Fundamental PDF/A requirements

PDF/A requires certain PDF features and prohibits others:

  • To guarantee the exact visual reproduction of text all fonts used in a document must be embedded.
  • To guarantee exact color reproduction all colors must be specified in a device-independent way.
  • Metadata must be embedded using the XMP format. The PDF/A conformance level must be recorded with specific XMP properties.
  • Encryption must not be used to make sure that the documents contents can always be accessed without any restriction.
  • Certain requirements for annotations and form fields ensure that the visualization is fixed and that screen and print representation are identical.

In addition to these straight-forward requirements, however, PDF/A requires various other PDF features which are more subtle (e.g. certain entries in font data structures), and prohibits some critical structures (e.g. certain combinations of TrueType fonts and encodings). There are many aspects which must be implemented and checked by software developers before they arrive at fully standard-conforming PDF/A products. PDF/A is much more than simply »PDF with embedded fonts and no encryption«!

Additional restrictions in PDF/A-1

PDF/A-1 somehow suffers from the fact that it was the first in the PDF/A family: the standard was created at a time when important PDF concepts were not yet ready for prime time. As a result, the following features are prohibited in PDF/A-1, but are allowed in the newer parts PDF/A-2 and PDF/A-3:

  • All features which require PDF 1.5 or above, e.g. JPEG 2000 compression and layers (optional content).
  • Transparency: although transparency is possible in PDF 1.4, it was not considered suitable for archiving purposes at the time because there was no consistent description and implementation of transparency support available. Since identical behavior in all PDF viewers could not be guaranteed, it was decided to completely ban transparency from PDF/A-1. After the publication of PDF/A-1 the exact semantics of PDF transparency have been clarified and standardized in ISO 32000-1; later standards therefore very well allow the use of transparency.
  • File attachments were banned from PDF/A-1 to make sure that all document contents are fully archivable. While PDF/A-2 allows file attachments, it restricts them to PDF/A-1 or PDF/A-2 files to make sure that attached files can also faithfully be reproduced. PDF/A-3 further relaxes this rule to allow arbitrary file types as attachments.

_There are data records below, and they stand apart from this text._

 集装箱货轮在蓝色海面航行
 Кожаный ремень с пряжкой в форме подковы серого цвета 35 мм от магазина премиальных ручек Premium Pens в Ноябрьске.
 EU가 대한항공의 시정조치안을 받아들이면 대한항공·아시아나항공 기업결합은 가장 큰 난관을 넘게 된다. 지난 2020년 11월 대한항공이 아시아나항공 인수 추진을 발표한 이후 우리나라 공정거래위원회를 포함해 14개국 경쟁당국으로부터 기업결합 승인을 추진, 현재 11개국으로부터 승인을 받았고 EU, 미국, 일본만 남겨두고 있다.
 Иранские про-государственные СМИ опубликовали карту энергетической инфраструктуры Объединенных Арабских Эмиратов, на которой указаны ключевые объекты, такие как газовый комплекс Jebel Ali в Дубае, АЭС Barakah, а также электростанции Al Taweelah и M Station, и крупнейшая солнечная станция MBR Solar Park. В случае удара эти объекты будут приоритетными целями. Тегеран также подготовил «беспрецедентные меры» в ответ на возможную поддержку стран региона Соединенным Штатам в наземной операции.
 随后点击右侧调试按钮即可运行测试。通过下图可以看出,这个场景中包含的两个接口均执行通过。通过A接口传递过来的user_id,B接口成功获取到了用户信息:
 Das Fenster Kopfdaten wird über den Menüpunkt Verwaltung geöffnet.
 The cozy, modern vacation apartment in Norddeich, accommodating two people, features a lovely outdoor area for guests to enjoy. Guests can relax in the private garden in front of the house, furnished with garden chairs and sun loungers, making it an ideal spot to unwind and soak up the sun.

Device-independent color specification

In order to ensure consistent color reproduction across output devices and time, PDF/A requires the use of device-independent color, usually achieved via ICC profiles or CIE Lab color specifications. The optional output intent describes the color characteristics of the document. While these concepts are widely used in the graphic arts industry, enterprise PDF developers are not necessarily familiar with color management and must familiarize themselves with ICC profiles and related concepts.

Raster images, e.g. TIFF and JPEG, play a vital role in document creation. Scanned paper documents and photographs from digital cameras are common examples of raster image data in document workflows. In many cases raster image data in modern workflows is already device-independent, usually by means of an embedded ICC color profile or standardized color spaces such as sRGB. Such images are ready for use in PDF/A. However, legacy image data is in many cases device-dependent, such as black-and-white or RGB scans without any associated ICC profile.

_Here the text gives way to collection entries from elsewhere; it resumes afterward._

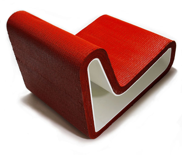 荣获2006年深圳国际家具邀请展创意大奖,本设计取材于东方传统的材料-草席。令人惊喜的是,属于传统工艺品、透气而清凉的草席被唯美地赋予了功能和三维形态。被染红的光滑席子,层层叠叠地包裹在线条干净的白色椅子之上。椅子侧面犹如被切割的截面,恰好展现细密、有规律的材料美。
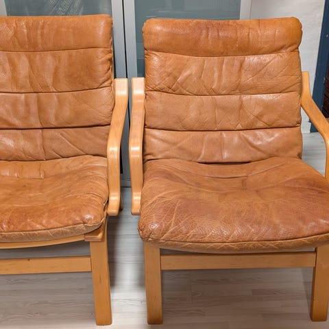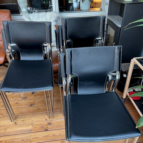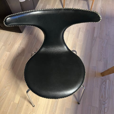 Brun læderstol med armlæn og metalben. Stolen har en rund form med polstret sæde og ryg i cognacfarvet kunstlæder, hvilket giver god komfort. Benene er lavet af metal og har en sort finish. Stolen kan anvendes som spise- eller kontorstol. Købt i Ilva for fire år siden for 1000 kroner (kvittering haves).
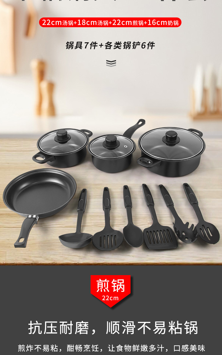Популярный набор из 13 предметов: кастрюли, лопаты, антипригарные суповые кастрюли, молочные кастрюли, сковороды, кастрюли из медицинского рисового камня, многофункциональные наборы
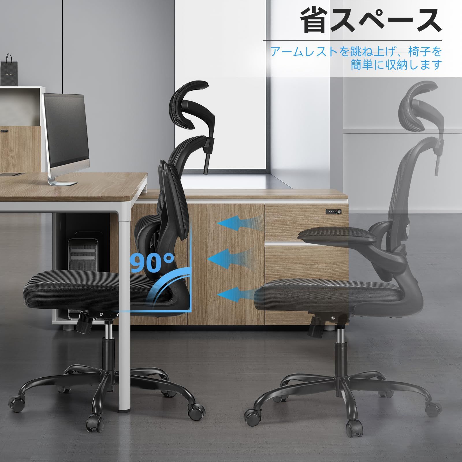 【90°跳ね上げ式アームレスト】90度まで跳ね上げられるアームレスト、様々なニーズに対応します。椅子を使用しない時にスッキリと収納可能、省スペースです。アームレストを上げると胡坐をかいてギターでも引けます。
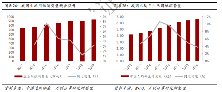 而根据中国造纸协会生活用纸专业委员会,2018年我国生活用纸消费量为 889.6万吨。2010-2018 年复合增长率达到7.9%,所以预计到2020年我国生活用纸消费量将达到980万吨。
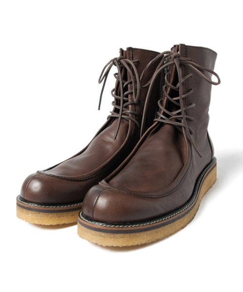 ●お届け予定:2014年3月上旬 ●予約受付:11月18日(月)AM10:00まで。 ※工場生産の関係上、納期が変更になる場合がございます。 発送日の前後については予めご了承ください。 合わせるボトムスで様相に変化を持たせる事が可能な1足、Moriarty boots<モリアーティブーツ>。アメリカンカジュアルの定番として愛されるモックトゥシューズをソースに再構築したこちら、靴紐を縛る強弱でタイトなボトムスをブーツインするスタイルも可能な仕様としました。採用したクレープソールとアッパーの相性は抜群、クッション性を備えた履き心地にあなたも酔いしれる筈。ブランドのシュークラフトお馴染みのサイドジップで着脱も容易です。往年のディテールをアーバンライクに昇華したこちら、あなたのワードローブに是非加えて。 ※画像の商品はサンプルです。 実際の商品と仕様、加工、サイズが若干異なる場合があります。 ※納期の異なる予約商品、その他ブランドの予約商品、 通常商品との同時決済はできません。
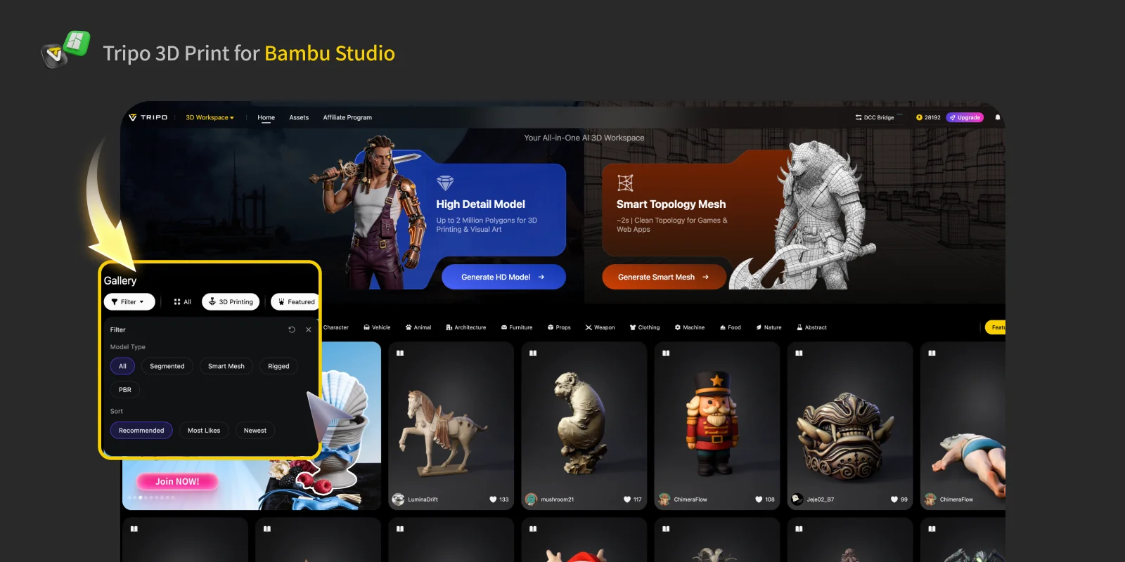 In Tripo Studio, choose either your own model or a model published by another creator in the Gallery.
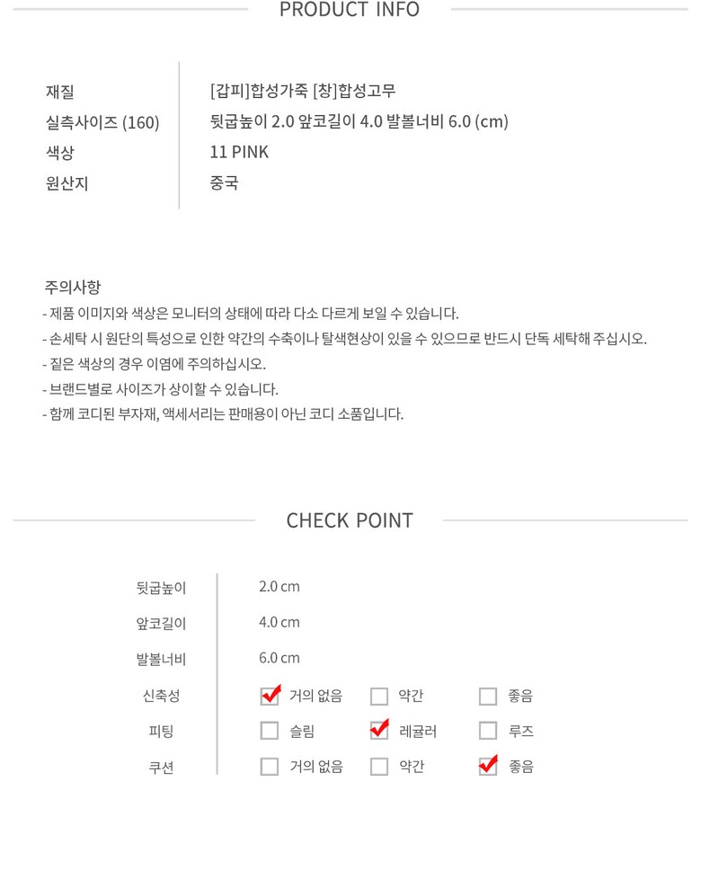 1. 제품 소재 (운동화인 경우에는 겉감, 안감을 구분하여 표시) | 상품상세참조 |
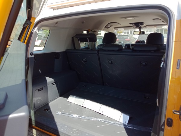 丰田 酷路泽FJ在许多方面继承了FJ40的经典,比如圆形的前大灯,经典的带丰田标志的车前格栅,笔直的挡风玻璃,别具一格的白色圆浑方正的车顶,车身 后部的四分之一车窗以及后部宽大的空间。在尾部的保险杠上设置了深色的踏板,这个踏板承重能力很强,完全可以站上去。接下来我们来看一下该车的内饰内容,真皮座椅的舒适度是非常棒的,中控采用的按键设计看起来很是简洁,整体看起来给人的感觉还是非常不错的。

XMP metadata and extension schemas

Extensible Metadata Platform (XMP) is an XML-based format modeled after W3C’s RDF (Resource Description Framework) which forms the foundation of the semantic Web initiative. In 2012 XMP has been standardized as ISO 16684-1. PDF/A mandates the use of XMP metadata for storing information about a document inside the PDF itself. XMP provides a powerful and flexible framework for storing standard and custom metadata properties (see our separate Whitepaper on XMP).

The XMP specification includes more than a dozen predefined schemas with hundreds of properties for common document and image characteristics. The most widely used predefined XMP schema is called the Dublin Core. It includes properties such as Title, Creator, Subject, and Description.

XMP is extensible by its very nature, i.e. company- or industry-specific metadata requirements can be met by constructing custom schemas. PDF/A supports this concept. However, in order to ensure automated retrieval PDF/A mandates that a machine-readable description of the custom metadata must be embedded in the document. This is achieved with an »XMP extension schema description«: a standardized part of the XMP metadata describes the structure of custom XMP metadata properties.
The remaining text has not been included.